The woman driving the car tried to stop but was killed along with the passenger when two guards in the convoy opened fire, Majid said, adding the convoy then raced away and Iraqi police came to collect the bodies and tow the car, with blood still splattered on its white door, to the local police station. The victims were identified by relatives and police as Marou Awanis, born in 1959, as Geneva Jalal, born in 1977.


In an overly long article (takes a lot of paragraphs to say "nothing to see here"), entitled "2 Iraqi Women Killed in Shooting by Security Convoy" Andrew E. Kramer and James Glanz (New York Times) wait until the three paragraphs from the end to identify the victims. For those who haven't seen the article, it's 28 paragraphs long and it's the 26th paragraph when the two women are finally named. From Tina Susman and Christian Berthelsen's "Private security guards kill 2 in Iraq" (Los Angeles Times):

Unity Resources, which is run by former Australian army personnel, was investigated last year in connection with the shooting of a 72-year-old agriculture professor at the University of Baghdad, according to Australian media. The Australian Foreign Ministry at the time said the professor, Kays Juma, was shot because his vehicle failed to stop at a checkpoint in the capital.Some witnesses confirmed that a flare was fired, but at least two said guards fired into the vehicle after it had been partially disabled by warning shots. One witness said the vehicle, which carried at least three women and one child, had rolled to a halt when the women inside were shot.


If two women were shot dead in the United States and the press noted it, do you really think reports would either not name the women or wait paragraph after paragraph before doing so?
That wouldn't happen. It would be: Who, what, where, when. It would open with "____ and ____ were shot dead yesterday . . ." So all these years after the illegal war began, why is it that Iraqis are still rendered invisible?

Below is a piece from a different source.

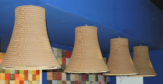 Elementi di arredo per uno stand fieristico (Cersaie 2013 - Bologna) in cartone interamente Avana da 13 mm. Il lavoro ha richiesto la progettazione e lavorazione di scaffalature, poltrone e lampadari.

Non-Iraq topic, but also invisible, labor in this country. As Union Network International notes, protests in San Francisco last week saw 23 demonstrators arrested in an action where security guards were calling attention to their low wages, lack of affordable health care and training. The demonstration was part of an ongoing action. Labor reporter David Bacon has a report of it online -- photos and text. Communities Without Borders and The Children of NAFTA are two books on the topic of labor (by Bacon) that you can also check out.